Commencement regulations bringing sections 11-13 of the Smart Meters Act 2018 into force on 30th April 2024. These provisions authorise modification of electricity settlement codes and licence conditions to facilitate use of smart meter data for settlement purposes.

Reason

These provisions enable the mandatory smart meter settlement framework, effectively entrenching a government-mandated technological system into electricity codes and licence conditions. This restricts market flexibility by codifying smart meter data usage for settlement, potentially locking in a specific technology solution and creating barriers to innovation in metering and settlement alternatives. The statutory underpinning makes future deregulation or competition in metering services more difficult.

delete Information Specified uksi-2024-470 · 2024
Summary

UK regulations requiring responsible persons for aircraft arriving in or departing from the UK to supply passenger, crew and flight information to the Secretary of State between 48 hours and 2 hours before departure via specified online systems, with civil penalties for non-compliance. Extends to all UK aircraft and amends the 2015 Passenger, Crew and Service Information (Civil Penalties) Regulations.

Reason

Imposes compliance costs and administrative burden on general aviation operators with no demonstrated commensurate security benefit beyond existing immigration checks. The mandatory online webservice requirement and civil penalties for non-compliance create barriers to aviation activity, particularly affecting smaller operators and private pilots. The 48-hour-to-2-hour timing window is arbitrarily rigid. Post-Brexit regulatory independence should be used to shed such retained EU-era obligations rather than perpetuate them. The exemption structure (military, common travel area) further confirms this is a general monitoring regime whose benefits do not justify its compliance costs.

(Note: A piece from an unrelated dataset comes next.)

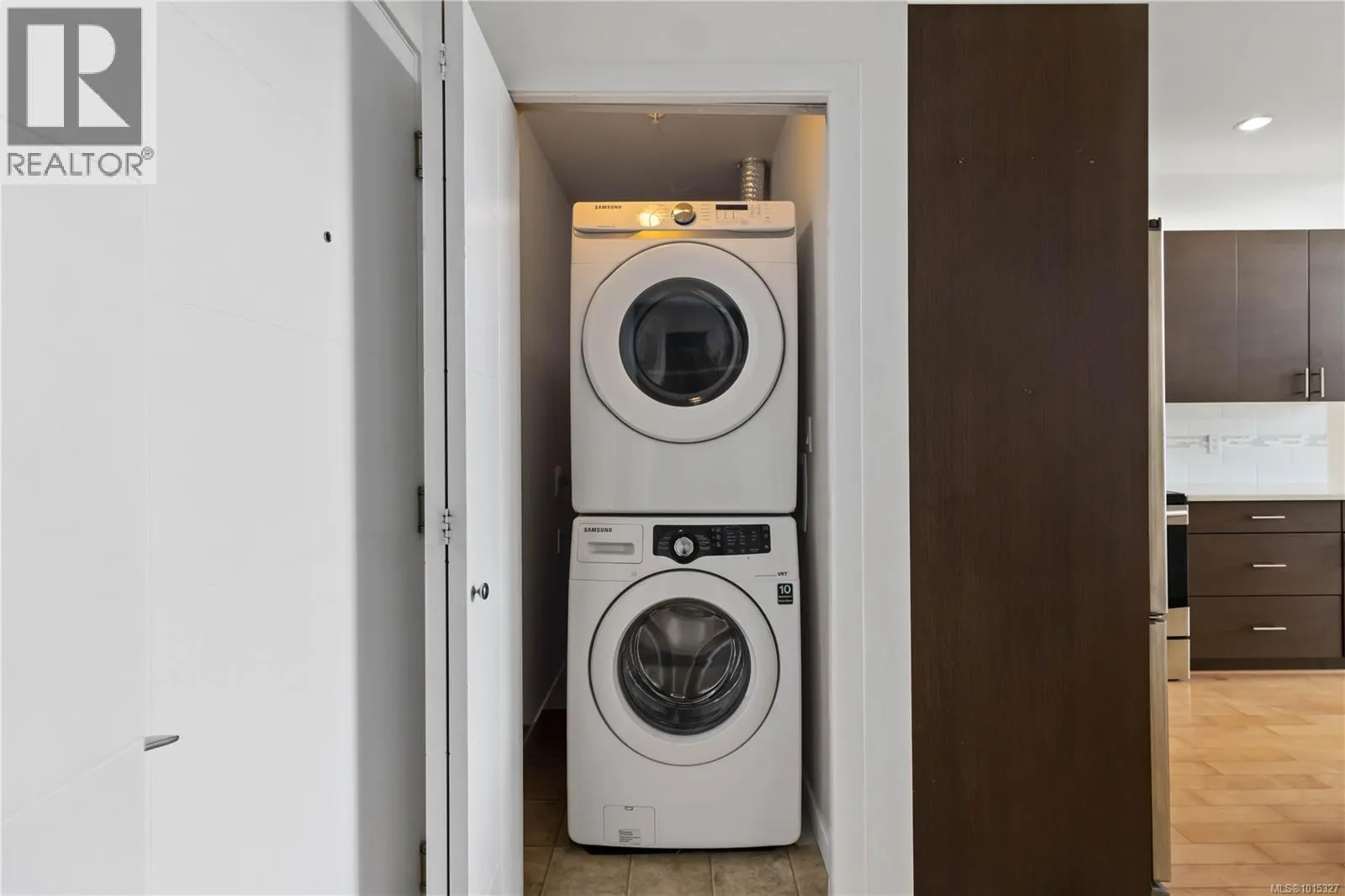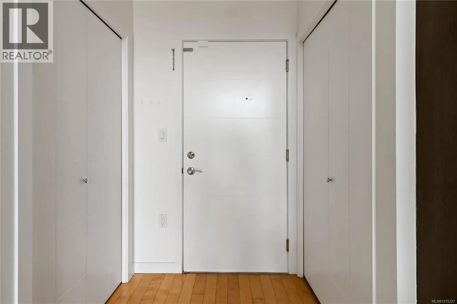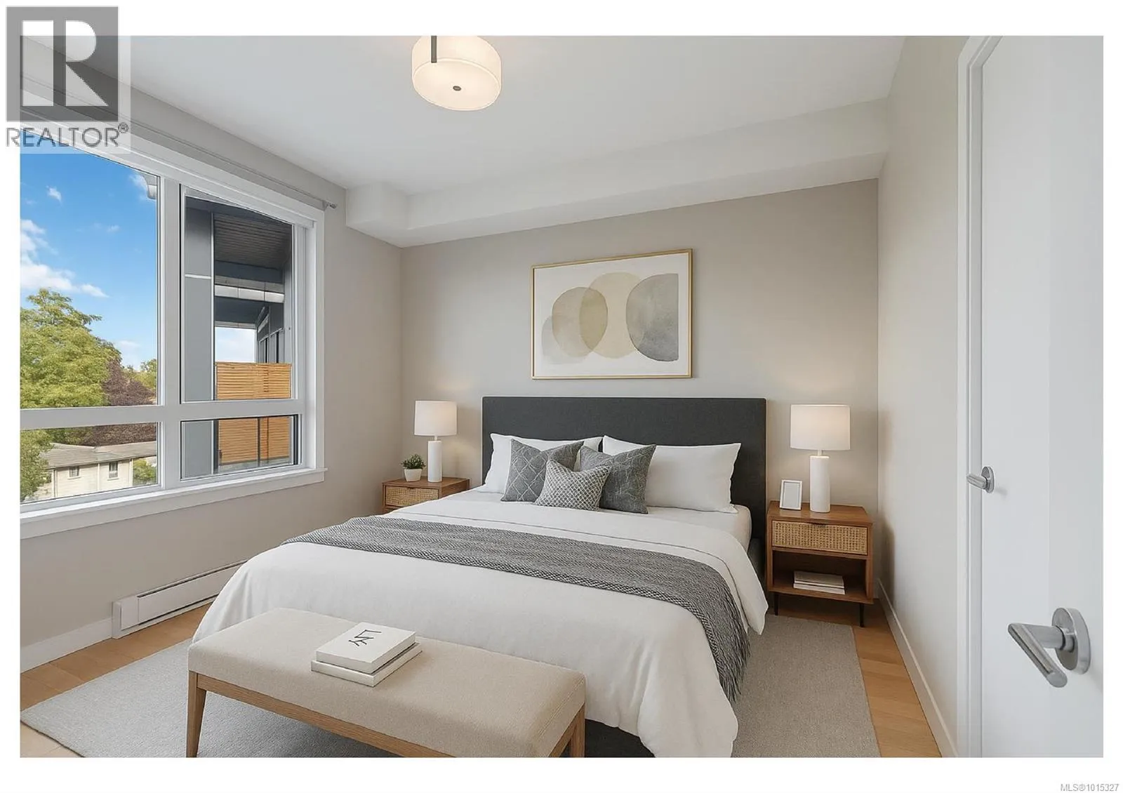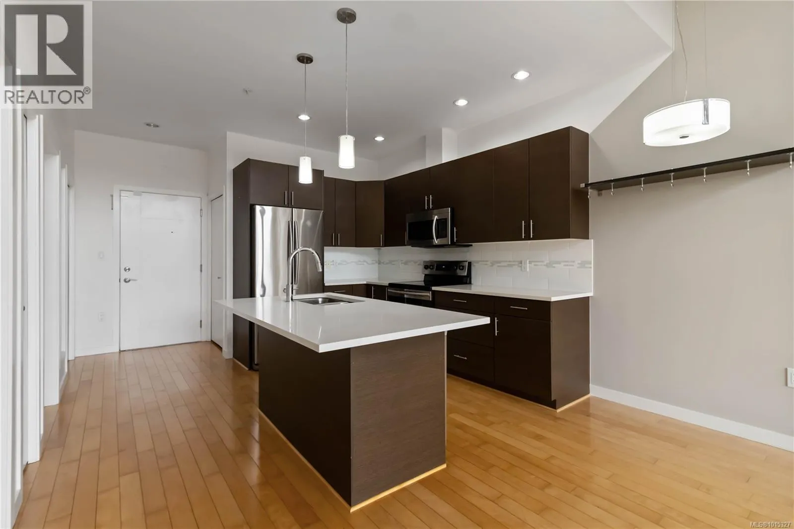 Soaring above buildings and treetops is this beautiful 2 bedroom, top floor unit in Skyline Residences. This condo is uniquely designed and offers a wonderful open-concept floor plan with modern kitchen, quartz countertops, stainless steel appliances and kitchen island which blends modern living with functionality. Natural light pours through the floor to ceilings windows in the living room featuring 16ft vaulted ceilings. Large primary bedroom with an abundance of light with ensuite, second bedroom with second bathroom and laundry round out this well designed condo. Located on the quiet side of the building and including secured underground parking spot as well as a storage locker. Bonus - roof top patio with inner harbour views for your enjoyment with a location is perfectly located just minutes to downtown Victoria, shops, restaurants, parks, the military base, école Victor-Brodeur and buses. Rentals permitted and pets allowed! Vacant with quick possession! (id:27476)

delete The Public Order Act 2023 (Commencement No. 4) (England and Wales) Regulations 2024 uksi-2024-472 · 2024
Summary

A commencement regulation bringing into force sections 20-29, 32-33 of the Public Order Act 2023, establishing Serious Disruption Prevention Orders (SDPOs) in England and Wales. SDPOs are preventive court orders that can restrict an individual's movements, association, and activities based on past conduct or perceived future risk of serious disruption. The orders come into effect on 5th April 2024.

Reason

This is a domestic UK commencement regulation, not EU-derived, so the primary mandate to remove EU bureaucratic burden does not directly apply. However, Serious Disruption Prevention Orders represent government pre-emptive restraint of individuals based on predicted future conduct rather than completed offences — a fundamentally different regulatory approach that creates: (1) a chilling effect on legitimate protest and dissent, which are essential to democratic discourse and economic liberty; (2) compliance and enforcement costs borne by the state and affected individuals; (3) potential for mission creep and abuse; (4) due process concerns where orders can be obtained on application without requiring proof to the criminal standard. While public order has some legitimate regulatory scope, these preventive civil orders impose costs on individual liberty and economic activity that are disproportionate to their demonstrable benefit in preventing serious disruption.